同時に、水溶液の物性は、各種の物質と共用することが容易。
つまり、とっても溶けやすくて加工しやすいってこと。
②長鎖脂肪酸をキトサン1 残基当たり10~20% 結合しており、オイルに対して強い乳化力を示し、
乳化が長期間安定。また、脂肪酸の存在で皮膚とのなじみが良い。
つまり、簡単に安定的に乳化できますよってこと。しかも使用感もよいってわけ。
③キトサンのアミノ基を多数残す事及び四級アンモニウム基の導入により、
抗菌性や保湿などキトサン本来の機能として知られる様々な薬理的機能を保持。
つまり、乳化剤にして、防腐作用と保湿作用を兼ね備えているということ。
④疎水性表面を持つ二酸化チタンや酸化亜鉛等の粉末の表面に吸着し、水中で安定に分散可能。

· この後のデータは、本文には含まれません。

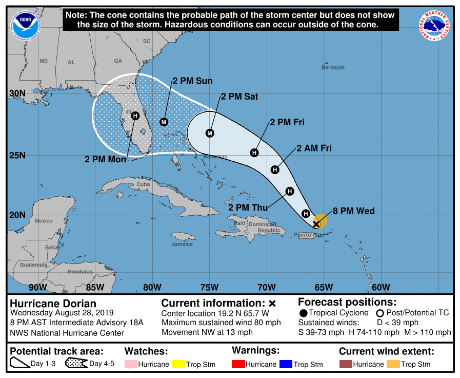 That’s the latest word from the National Hurricane Center, whose 5 p.m. ET forecast calls for Dorian to pick up steam over the Atlantic’s warm water and head toward the U.S. coast as a Category 3 hurricane with winds of at least 111 mph. It’s now a Category 1, with sustained winds of 80 mph, but the NHC predicts “marked intensification” in the next 72 hours.
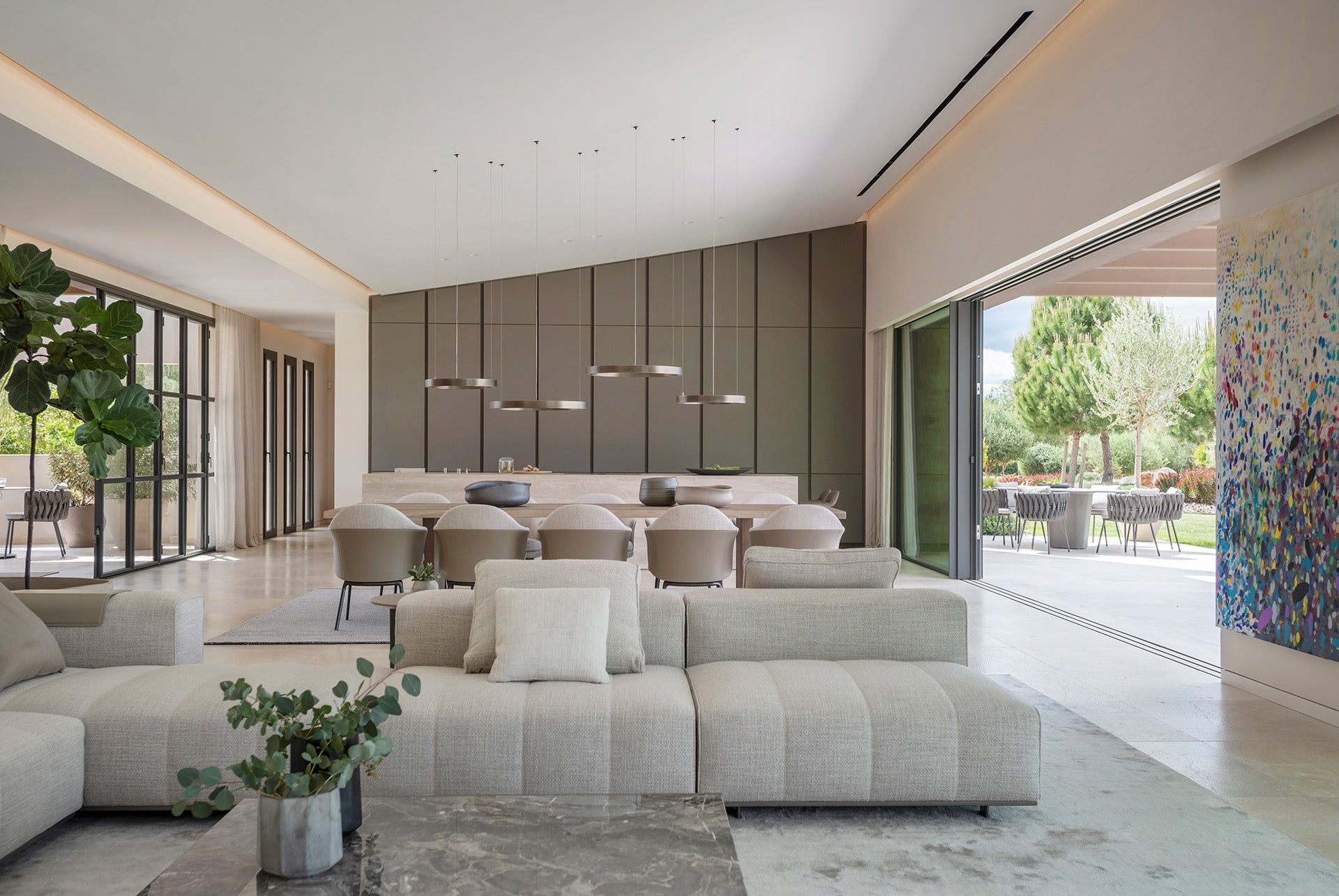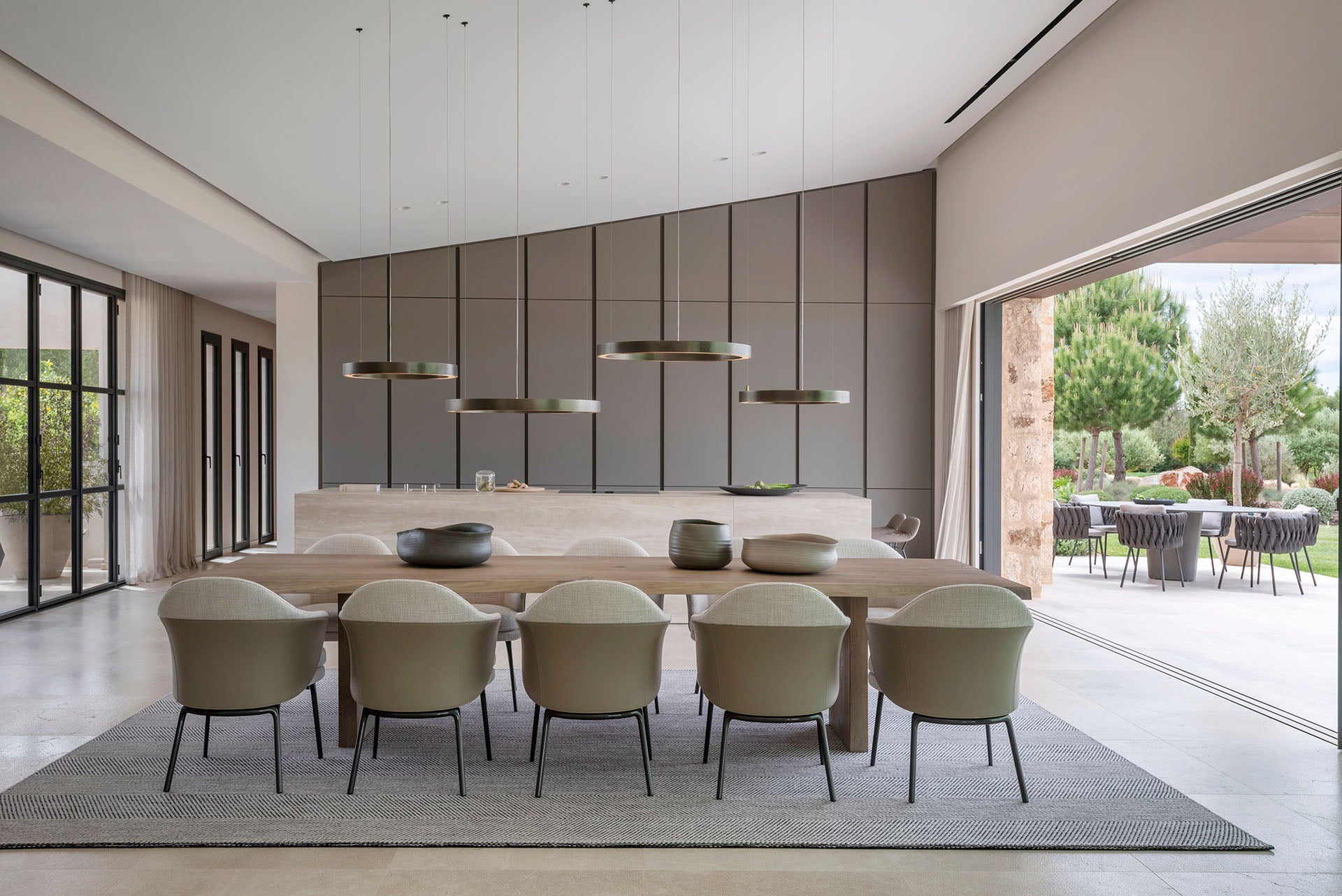 The interior is structured around open spaces bathed in natural light, where the kitchen, dining room, and living room share a serene, fluid, and functional atmosphere. The formal sobriety, combined with the selection of Terraza Balear furniture, defines a contemporary, uncluttered style, designed for everyday enjoyment in balance with the surroundings.
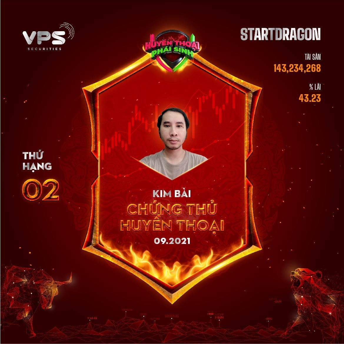 Vị trí Á quân thuộc về người chơi @startdragon với tổng tài sản hơn 143 triệu đồng và tỷ lệ lãi đạt 43,23%.
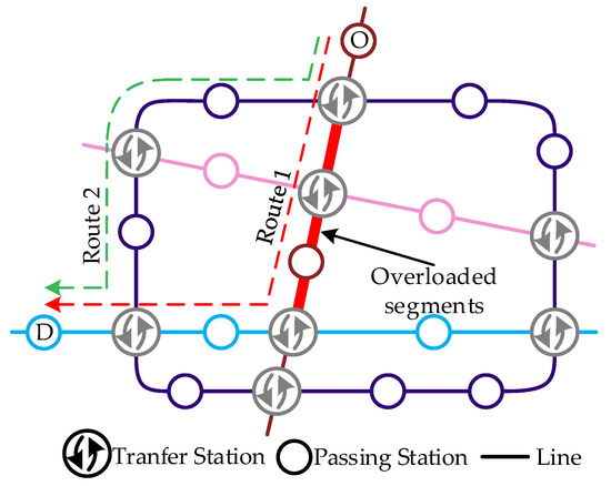 The travel demands of passengers often have a specific requirement on the use of certain routes particularly during peak hours. However, restricted by the ability of the infrastructure, equipment and right-of-way, train capacity cannot adequately match the peak hour excessive travel demands along those routes or segments because increasing the capacity is simply not always a feasible solution. Fortunately, with the development of the metro system, the network accessibility has been greatly enhanced. Passengers may have several routes to select from for each OD pair so as to complete their trips. As such, this paper intends to alleviate the peak hour congestion from the demand side using a service-oriented load balancing approach. By optimizing the passenger flow distribution in the metro network, the oversaturated situations may be gradually reduced. For example, Figure 2 shows a simple metro network. Route 1 is the shortest route in travel time from station O to D, which will be chosen by most passengers travelling in the peak hours. However, with the heavy passenger loads on it, Route 1 may be extremely crowded on some segments (which are shown as overloaded segments in Figure 2), and therefore at some stations, passengers may find it extremely hard to board the first train. The overcrowding will have an enormous impact on passengers under such scenarios. Some studies have been investigated that crowding affects the route choice of metro passengers and people will reroute or even have a willingness to pay (WTP) to avoid the in-vehicle crowding [1,14,15]. All the studies that have been reviewed indicate that crowding will increase the value of generalized travel time. Based on this inner motivation of passengers, to mitigate the severe congestion on overloaded segments of Route 1, an alternative Route 2 with surplus capacity can be effectively leveraged to share the large passenger loads on Route 1.
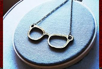 Collar realizado en metal con colgante de estilo retro gafas doradas.
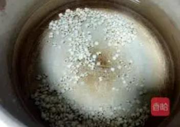 2. Prepare a pressure cooker and add an appropriate amount of water. Put the pre soaked Job's tears over heat and simmer slowly.
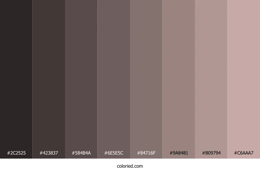 | #9A8481 | 154, 132, 129 | 7, 11%, 55% | 0%, 14%, 16%, 40% | oklch(0.633 0.027 27) | |
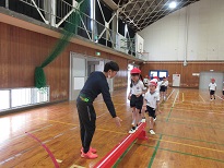 体育の時間に、跳び箱遊びをしています。今週は、サーキットにチャレンジ!忍者になって跳び箱にとびのったり、ステージからとびおりたりして、楽しく体を動かしました。 | |||
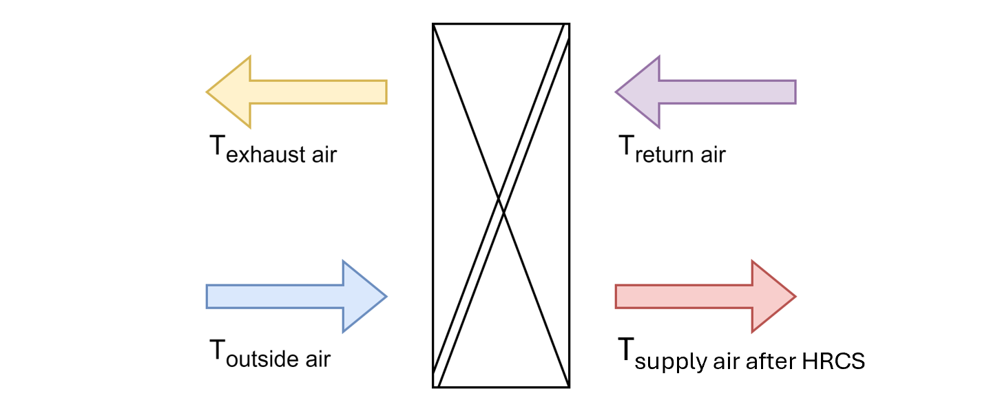 It uses temperature measurements of the airflows entering and leaving the HR system — return air, outside air, and optionally supply air after heat recovery or exhaust air — to calculate the actual temperature efficiency.
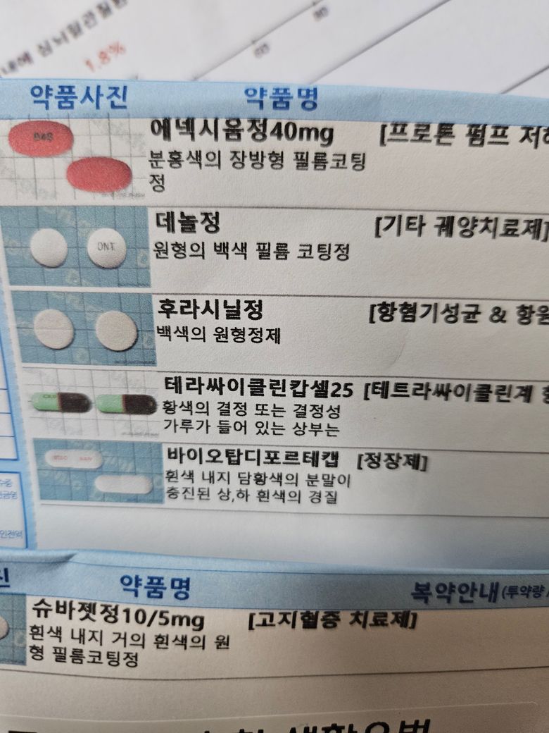 2차 제균제약과 고지혈증 약처방받았어요
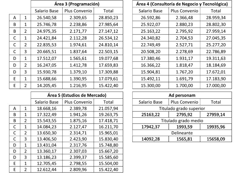 Estas parten del salario mínimo para la categoría más baja de cada área (excepto en el área 4) e incluyen, también, el diferencial de al menos 80€ entre cada categoría profesional actualizada y la inmediatamente superior.
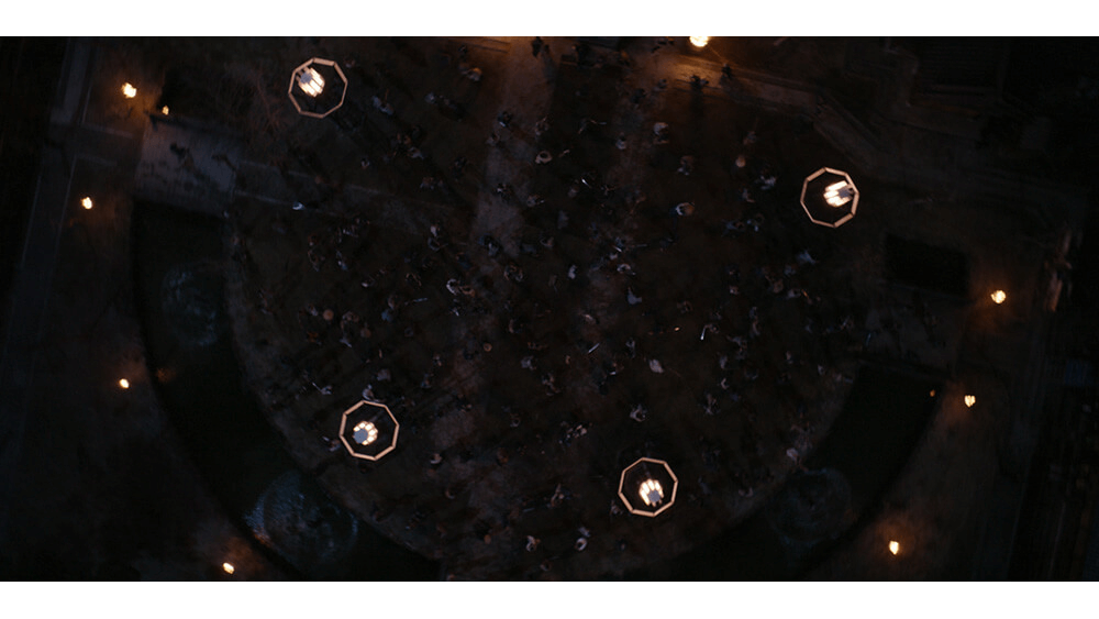 また、夜のシーンであることから映像上では多くの松明が焚かれているが、実際の撮影現場では大きな火の扱いが禁止されているため、4つの大きな櫓の炎は全てVFXによって合成されている。こういった場所の制約に加え、大人数の役者が交錯し、なおかつ長回しをはじめとした複雑なカメラワークが絡む。そこでVFXチームは現場に常駐し、カメラのメタデータや各種ディスクリプションなど、現場での撮影状況の記録管理を徹底することによって、高い品質を保ったVFXショットを可能にしている。
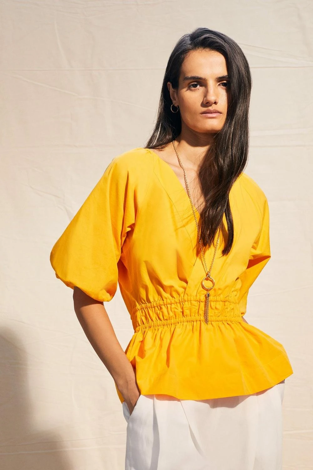 A summer essential with elegant appeal, this cotton blouse elevates the everyday. Balloon sleeves complement a peplum design to create a flattering silhouette, while soft cotton material ensures comfort throughout warmer climes.
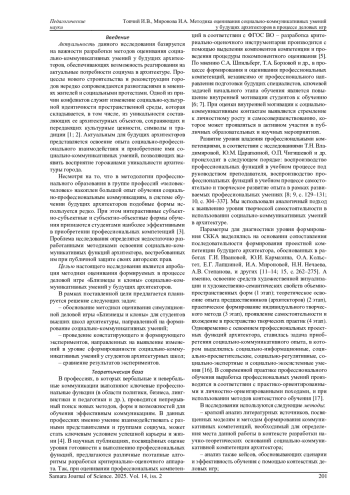 3. 	Сериков В.В., Топчий И.В. Оценка будущими архитекторами процесса становления их инверсивно-коммуникативной компетенции // Образование и общество. 2023. № 2 (139). С. 78-94. EDN: FGSNQZ

よくあるナノ金属のコーティング剤として使えますよってこと。
⑤正電荷を持つことにより、皮膚や毛髪との相互作用が大きい。
つまり、陽イオン性界面活性剤のような働きもできるので、コーティング剤にも使えるわけさ。
しかも、安全性は非常に高いとのこと。
細胞生存率の試験では、細胞が死ぬどころか増えているという結果に。
細胞賦活作用まであるんじゃね?って勢いです。
で、メーカー曰くですが、エクセルキトサンは多機能性化粧品新素材で、
以下のような働きが期待できるんだとか。
①素肌のNMFを増加させる保湿作用
② ダメージを受けた肌を保護し、肌荒れを改善
③ 角質層との親和性を高める肌のバリア機能向上
④シワ・タルミを抑制する老化防止作用
⑤細胞レベルで若返りを促進する細胞活性作用
⑥皮膚常在菌のバランスを整える清肌作用
⑦清らかな質感を体感できるすべり感向上作用
⑤の細胞活性作用は、細胞生存率の試験でそうれっぽいデータが
でていますが、残りのは実際にどうかはちょっとわかりかねますかね。
⑥は抗菌作用があるので、選別的に作用する??
②、③、⑦は肌表面に膜を張ることになるので、
まあ、なんとなく想像できるかな?
④はちょっとわからん。
まあ、非常に面白そうな原料ではありますが、
残念ながらとあるOEMメーカーが専売しているんで、
原料を買うことができないっぽい。
エクセルキトサンを使って、オリジナル性を持った商品を作りたければ、
そこに頼むしかないってことさね。